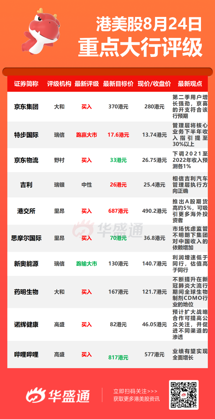 花旗上调京东2021-23年的收入预测各0.3%,非通用会计准则下的净利润预测亦调升6.7%,以反映公司表现及其战略投资,但下调公司的ADR目标价由115美元降至108美元。
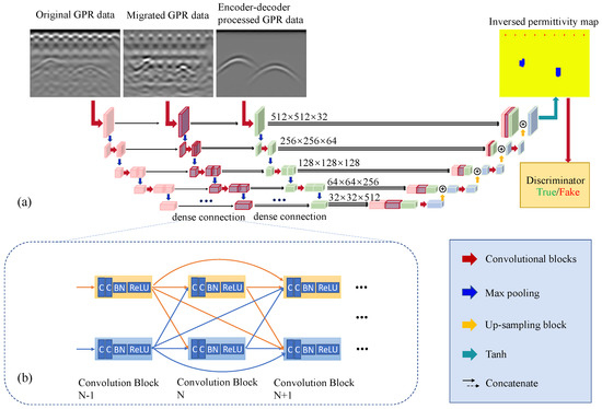 The original, migrated, and encoder–decoder-processed GPR data are used as the inputs of the three encoder paths, respectively. Note that as the migrated and encoder–decoder-processed data are obtained from the original GPR data, the three kinds of GPR data are spatially related, although they are processed with different methods and have different roles. Therefore, we use dense connections between adjacent encoder paths to establish a lateral relationship among the three encoder paths [22], as shown in Figure 1b.
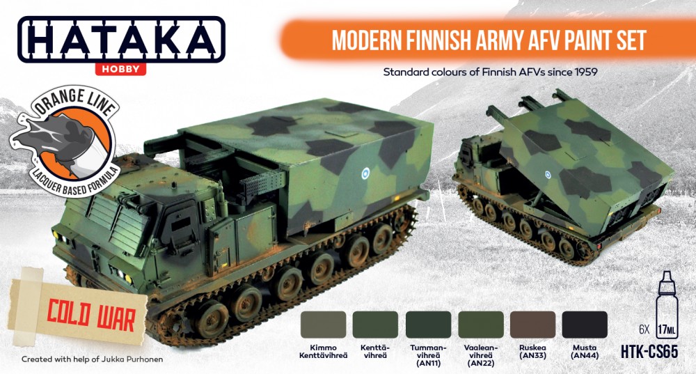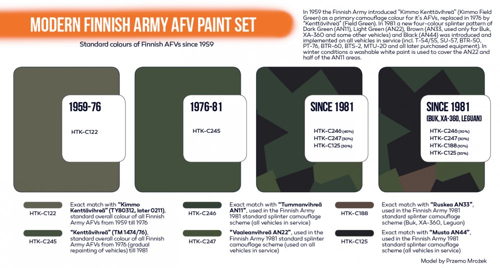 HTK-C246 – Dark Moss Green (FS14077, AN11) – Exact match with „Tummanvihreä AN11”, used in the Finnish Army 1981 standard splinter camouflage scheme (all vehicles in service)
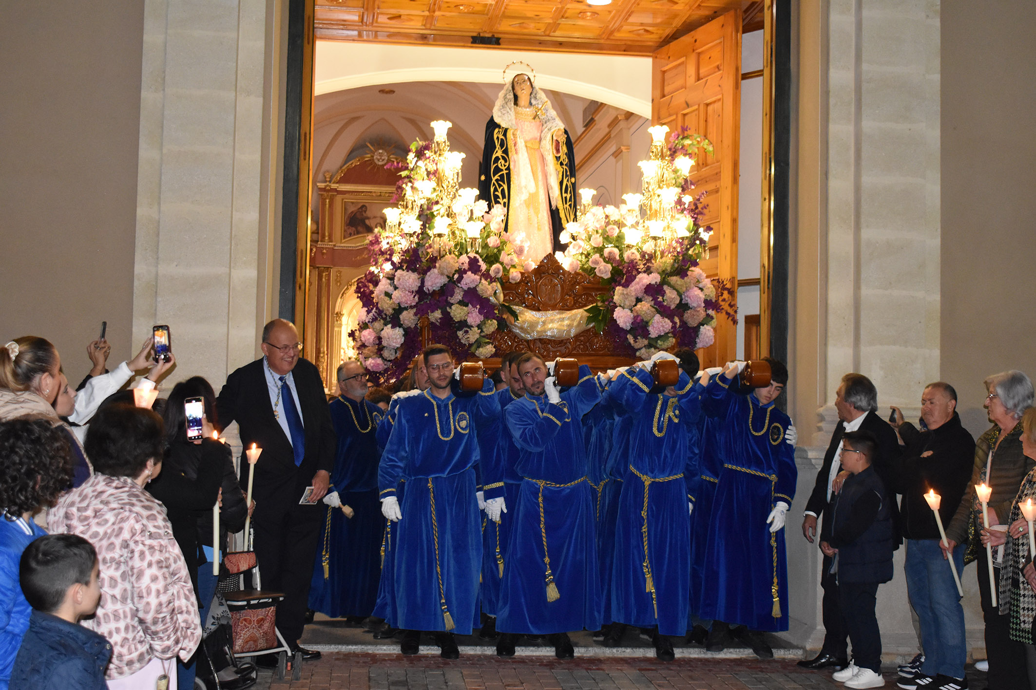 12/04/24 – El mal tiempo volvió a hacer de las suyas en la Semana Santa de Las Torres de Cotillas. Todo el mundo miraba al cielo en la noche de ayer 11 de abril, Viernes de Dolores, esperando que diera tregua para que la Dolorosa pudiera desfilar por las calles del municipio. En un principio parecía que iba a ser posible, ya que tras la misa en la iglesia de Nuestra Señora de la Salceda el desfile llegó a salir. Numerosos vecinos y devotos acompañaban a La Dolorosa en su recorrido, demostrando su fervor incluso bajo las primeras gotas.
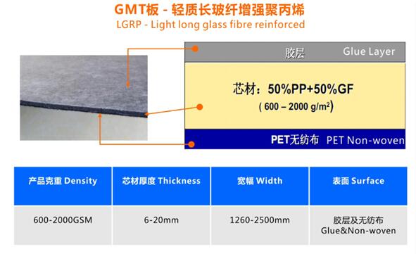 轻质GMT片材具有强度高,冲击韧性高,承载性好,耐高温,质量轻,可再生利用,不易变形,良好的吸音和隔音、无气味等优点。

______

• [What is needed]:
An exact copy of the entries, without any pictures, is what the answer should be.

• [Response to the exercise]:
 花旗上调京东2021-23年的收入预测各0.3%,非通用会计准则下的净利润预测亦调升6.7%,以反映公司表现及其战略投资,但下调公司的ADR目标价由115美元降至108美元。
 The original, migrated, and encoder–decoder-processed GPR data are used as the inputs of the three encoder paths, respectively. Note that as the migrated and encoder–decoder-processed data are obtained from the original GPR data, the three kinds of GPR data are spatially related, although they are processed with different methods and have different roles. Therefore, we use dense connections between adjacent encoder paths to establish a lateral relationship among the three encoder paths [22], as shown in Figure 1b.
 HTK-C246 – Dark Moss Green (FS14077, AN11) – Exact match with „Tummanvihreä AN11”, used in the Finnish Army 1981 standard splinter camouflage scheme (all vehicles in service)
 12/04/24 – El mal tiempo volvió a hacer de las suyas en la Semana Santa de Las Torres de Cotillas. Todo el mundo miraba al cielo en la noche de ayer 11 de abril, Viernes de Dolores, esperando que diera tregua para que la Dolorosa pudiera desfilar por las calles del municipio. En un principio parecía que iba a ser posible, ya que tras la misa en la iglesia de Nuestra Señora de la Salceda el desfile llegó a salir. Numerosos vecinos y devotos acompañaban a La Dolorosa en su recorrido, demostrando su fervor incluso bajo las primeras gotas.
 轻质GMT片材具有强度高,冲击韧性高,承载性好,耐高温,质量轻,可再生利用,不易变形,良好的吸音和隔音、无气味等优点。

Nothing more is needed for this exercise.